Invalid UTF-8 middle byte 0x22\n

So, I am trying to create a flask api that gets the name of the field of search and the term that we are going to search, then, the script writes the info into a file and uses subprocess to run a search, see:

file = open("filtro_match.json")
                filtro = file.read()
                file.close()
                lista = word.split("|")
                filtro = filtro.replace("$campo",str(lista[0]))
                filtro = filtro.replace("$busca",str(lista[1]))
                #return "Ok"
                file = open("filtro_match_temp.json", "w")
                file.write(filtro)
                file.close()
                resultado = subprocess.check_output('curl -XGET "localhost:9200/pessoas/_search?pretty" -H "Content-Type: application/json" --data @filtro_match_temp.json')
                temp = resultado.decode('utf-8')
                obj = json.loads(temp)

However, everytime that I try to run it,I receive this error:

"type" : "json_parse_exception",
        "reason" : "Invalid UTF-8 middle byte 0x22\n at [Source: org.elasticsearch.transport.netty4.ByteBufStreamInput@f868020; line: 1, column: 39]"

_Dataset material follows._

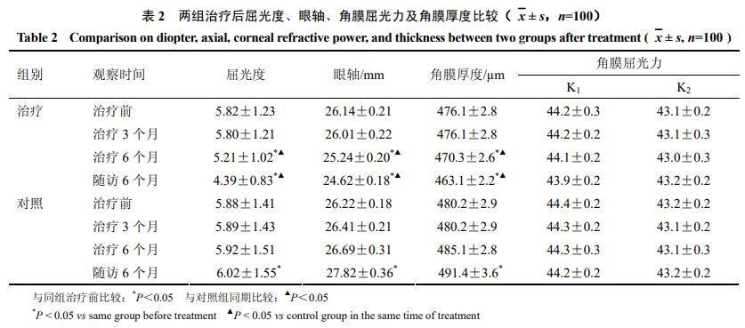 結(jié)果:治療 6 個(gè)月、隨訪 6 個(gè)月后,治療組視力優(yōu)于對照組,兩組比較差異有統(tǒng)計(jì)學(xué)意義(P<0.05)。治療 6 個(gè)月后,治療組屈光度、眼軸、角膜厚度均較治療前有很多改善,治療前后差異有統(tǒng)計(jì)學(xué)意義(P<0.05);且治療組這些指標(biāo)優(yōu)于對照組,兩組比較差異有統(tǒng)計(jì)學(xué)意義 (P<0.05)。隨訪 6 個(gè)月后,對照組屈光度、眼軸、角膜厚度較治療前相比繼續(xù)改善,治療前后差異有統(tǒng)計(jì)學(xué)意義(P<0.05),且治療組這些指標(biāo)優(yōu)于對照組,兩組比較差異有統(tǒng)計(jì)學(xué)意義 (P<0.05)。

I have no idea from where this "Invalid UTF-8 middle byte" came from, I write the file with python, can someone help me out?

A guess is that your json file is encoded with another format than UTF8

Yeah, I realized a little later....

But what I can do? I am brazilian and we have a lot of non utf-8 in our names (and my project deal both with people and place names). Is there someway to make elastic or json accept the non utf-8 characters to make a search? It do allows it to be stored but not to make a search.

If there is no way, could you help me with updating the database? I mean, how I can update one field (let's say "name") of a entrance in the database without updating all the rest?

PS: thanks for the answer!

I don't think so.

I don't know how to do this is Python but I guess you could do something like this (Java code):

String json = "YOUR CONTENT ENCODED WITH YOUR ENCODING";
String jsonUtf8 = new String(json.getBytes("YOUR_ENCODING"), "UTF-8");

This topic was automatically closed 28 days after the last reply. New replies are no longer allowed.